Because of the high content of lactose in milk, we hypothesised that high consumption of milk may increase oxidative stress, which in turn affects the risk of mortality and fracture. Meta-analyses of cohort studies for the association between dairy and milk intake in relation to mortality11 and fractures12 13 have displayed no clear pattern of risk, and evidence from randomised trials are lacking. Separating milk intake from the consumption of other dairy products may be of importance since a less pronounced induction of oxidative stress and inflammation in humans is expected with cheese and fermented dairy products (for example, soured milk and yogurt) because of their lower or non-existent lactose and galactose content,14 15 possible probiotic antioxidant and anti-inflammatory effects,16 17 18 and effects on gut microbiota.19 20 21 Indeed, a high intake of fermented milk products has been associated with a decreased risk of cardiovascular diseases,18 22 23 24 whereas a high milk intake is related to a tendency of an unfavourable risk profile for the development of diabetes and cardiovascular disease.18 23 24 We therefore assessed the relation between high milk intake with risk of death and fractures in women and men. We also studied biological markers of oxidative stress and inflammation in relation to milk intake in humans.

Abstract

Objective To examine whether high milk consumption is associated with mortality and fractures in women and men.

Design Cohort studies.

Setting Three counties in central Sweden.

Participants Two large Swedish cohorts, one with 61 433 women (39-74 years at baseline 1987-90) and one with 45 339 men (45-79 years at baseline 1997), were administered food frequency questionnaires. The women responded to a second food frequency questionnaire in 1997.
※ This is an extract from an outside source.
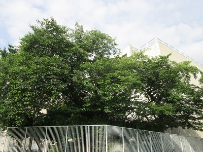 すっかり若葉が大きくなりましたが、今朝はそこから蝉の鳴き声が!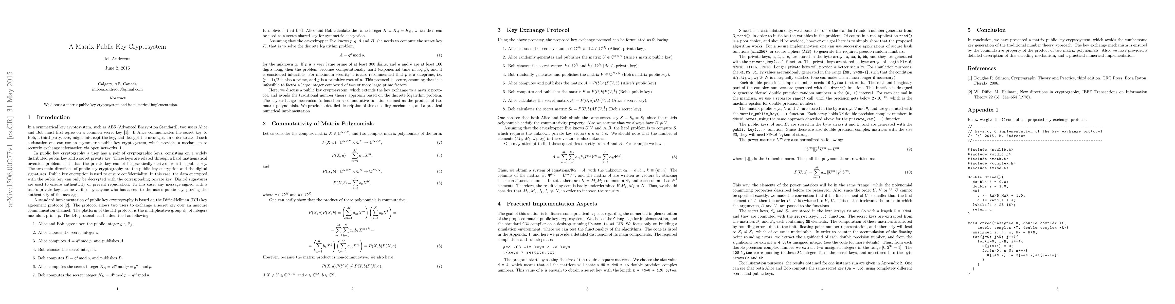 Summary: This paper introduces a novel matrix-based public key cryptosystem and provides a detailed numerical implementation to demonstrate its effectiveness and security. The system aims to enhance cryptographic protocols through matrix operations.

Main outcome measure Multivariable survival models were applied to determine the association between milk consumption and time to mortality or fracture.

Results During a mean follow-up of 20.1 years, 15 541 women died and 17 252 had a fracture, of whom 4259 had a hip fracture. In the male cohort with a mean follow-up of 11.2 years, 10 112 men died and 5066 had a fracture, with 1166 hip fracture cases. In women the adjusted mortality hazard ratio for three or more glasses of milk a day compared with less than one glass a day was 1.93 (95% confidence interval 1.80 to 2.06). For every glass of milk, the adjusted hazard ratio of all cause mortality was 1.15 (1.13 to 1.17) in women and 1.03 (1.01 to 1.04) in men. For every glass of milk in women no reduction was observed in fracture risk with higher milk consumption for any fracture (1.02, 1.00 to 1.04) or for hip fracture (1.09, 1.05 to 1.13). The corresponding adjusted hazard ratios in men were 1.01 (0.99 to 1.03) and 1.03 (0.99 to 1.07). In subsamples of two additional cohorts, one in males and one in females, a positive association was seen between milk intake and both urine 8-iso-PGF2α (a biomarker of oxidative stress) and serum interleukin 6 (a main inflammatory biomarker).

Conclusions High milk intake was associated with higher mortality in one cohort of women and in another cohort of men, and with higher fracture incidence in women. Given the observational study designs with the inherent possibility of residual confounding and reverse causation phenomena, a cautious interpretation of the results is recommended.

Conclusion

A higher consumption of milk in women and men is not accompanied by a lower risk of fracture and instead may be associated with a higher rate of death. Consequently, there may be a link between the lactose and galactose content of milk and risk as suggested in our hypothesis, although causality needs be tested using experimental study designs. Our results may question the validity of recommendations to consume high amounts of milk to prevent fragility fractures.3 71 72 The results should, however, be interpreted cautiously given the observational design of our study. The findings merit independent replication before they can be used for dietary recommendations.